Министерство наивысшего счастья — страница 52 из 79

От бывшего дома брата поэта доносится громкий хлопок. Это сигнал. Сейчас солдаты уйдут. Деревенская улица слишком узка для нас и солдат одновременно, и нам приходится прижаться к стенам домов, чтобы дать им пройти. Солдаты проходят мимо. Их провожают тихими проклятьями, которые несутся им вслед, как свист ветра. Солдаты пристыжены и озлоблены. Чувствуется, что они испытывают и беспомощность. Все это может измениться в долю секунды.

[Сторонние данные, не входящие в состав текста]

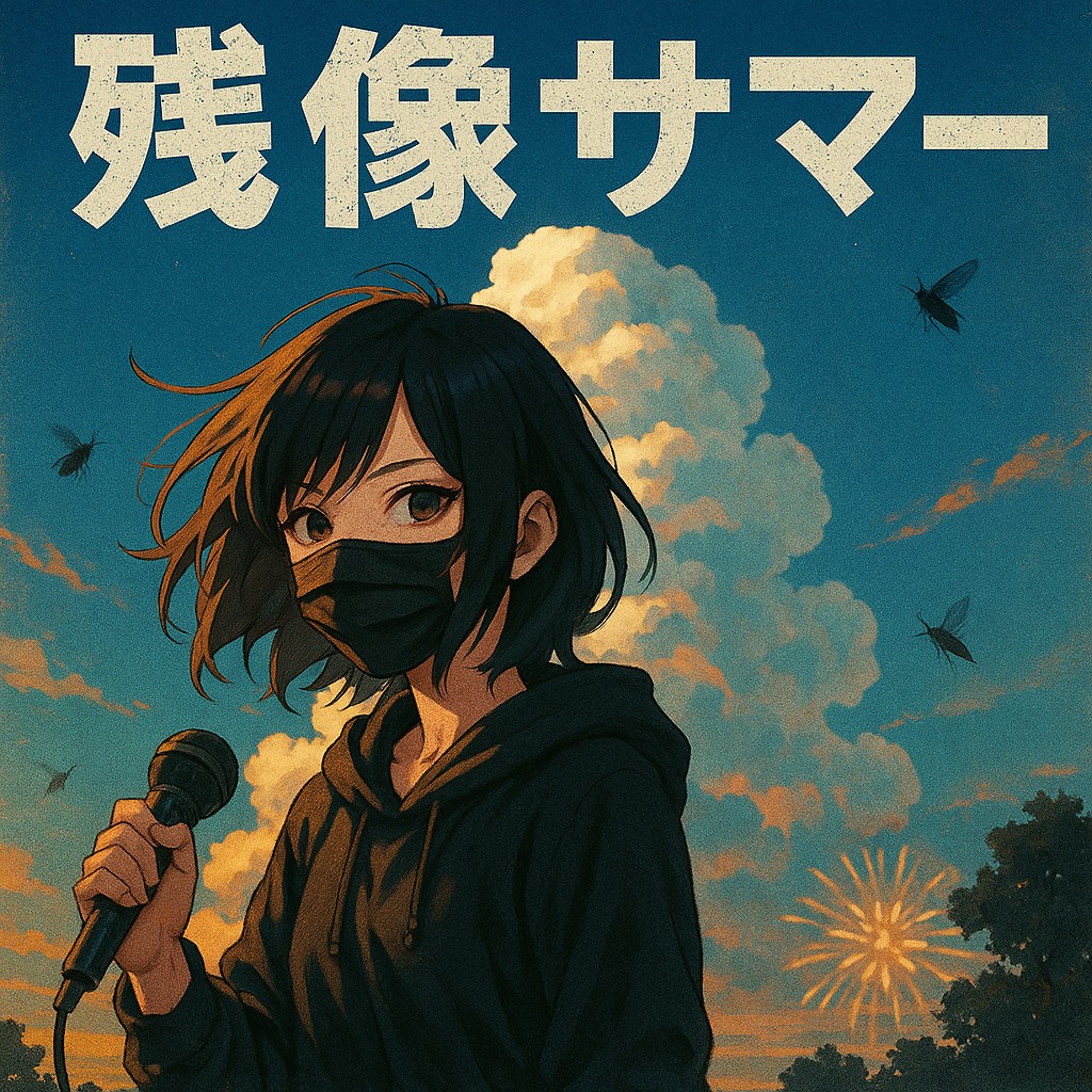 A powerful emotional J-rock ballad sung by a mysterious female vocalist in the style of Ado, Themes of nostalgia, childhood summer memories, and emotional pain in the present, Dynamic vocals with

Единственное, что им надо для этого сделать, это развернуться и открыть огонь.

Тогда людям останется одно — упасть и умереть.

Когда мимо проходит последний солдат, люди бросаются к развалинам сгоревшего дома. Искореженная жестяная крыша до сих пор чадит. Стоит открытый сундук, из которого вырываются языки пламени. Что может так красиво и живописно гореть?

Люди становятся на гору обгорелых камней и скандируют:

Хум кья чахтей?

Азади!

Они зовут «Лашкар»:

Айва-айва!

Лашкар-э-Тайба!

* * *

Новости продолжают прибывать.

Силами специального назначения арестован Мудасер Назир.

Приходит его отец. Он тяжело и поверхностно дышит. У него серое, как пепел, лицо. Он выглядит как осенний лист весной.

Его мальчика увезли в армейский лагерь.

— Он не повстанец. В прошлом году его ранили во время протестов.

— Мне сказали, что если я хочу получить сына, то должен отправить к ним дочь. Говорят, что она — связная, что она помогает переправлять имущество повстанцам «Хизба».

Может быть, это правда, но может быть, и нет. Но, как бы то ни было, она обречена.


Я буду помогать повстанцу из «Хизба» переправлять имущество.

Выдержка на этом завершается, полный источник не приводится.